第242回 【 スマホ vs デジタルカメラ 】
6月10日号
渋谷・ハチ公前で。

  人はなぜ写真を撮るのか。フランスの精神科医で映像評論家のG・ティスロンは、「思い出を、とりあえずカメラという箱の中へ投げ込んでおく。あとで取り出して見るための行為」だといいます。しかし、いまや1日1兆回のカシャの時代、記憶箱は溢れて手がつけられない、まるでゴミ屋敷状態です。
 携帯電話にカメラがついたのは1999年、京セラが最初でした。それから18年、カメラ機能は進化を重ねて、最近は、望遠と広角の2カメラや、自撮り対応のインカメラが付いたものまで出現しました。通信機能も位置情報も付いていないコンパクト・デジカメなどは、まるでかたなしです。
 しかし・・・・・・、
 それほど進化したスマホを持ちながら、人はなぜデジタルカメラを欲しがるのだろう?

「カメラグランプリ2017」3冠王の オリンパス OM-D E-M1マークUとM.ズイコーED 12-100ミリ F4 ズームレンズ

 6月1日の写真の日を前に、「カメラグランプリ2017」が発表されました。
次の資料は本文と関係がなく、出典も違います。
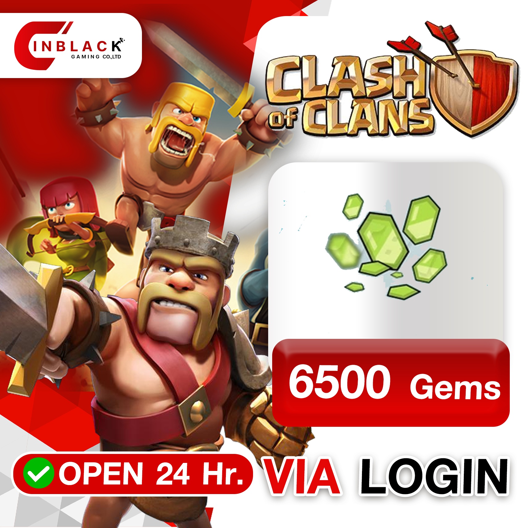CLASH OF CLANS - 6500 Gems ( 49.99$ ) Top up via LOGIN By Inblack Open 24 hr.

2016年4月から今年3月までの1年間に発売されたカメラを対象に、全国のカメラ記者などが選ぶ「カメラ大賞」と「レンズ大賞」、一般ユーザーがwebで選ぶ「あなたが選ベストカメラ賞」ですが、すべて3冠を制したのは、オリンパス OM-D E-M1マークUとM.ズイコーEDズームレンズ(12-100ミリ F4 )でした。静音連写モードでの1秒18コマ(オートフォーカス、オート露出)や6.5段分の手ぶれ補正(地球の自転に相当する)など、ミラーレス機の概念を超えて、今後の方向を示した。というのが受賞の理由です。一般ユーザーの声も「飛翔する鳥の追随や、夜間の撮影に驚異的といわざるを得ないパフォーマンス」などなど。
 実は、筆者がいま毎日持ち歩いて撮影しているカメラが、この3冠王なのです。受賞理由も確かにそのとうりなのですが、このカメラの魅力は少し違うところにあるのではないかと感じています。スマホでは決して得られないもの、・・・自分だけの秘密にしておきたかったのですが・・・。
 写真を撮ることを英語でシュートするといいます。〈撃つ〉、です。カメラを手にしたときの、撃つ気分、一種の〈いさぎよさ〉をこのカメラがくれる、それが好きです。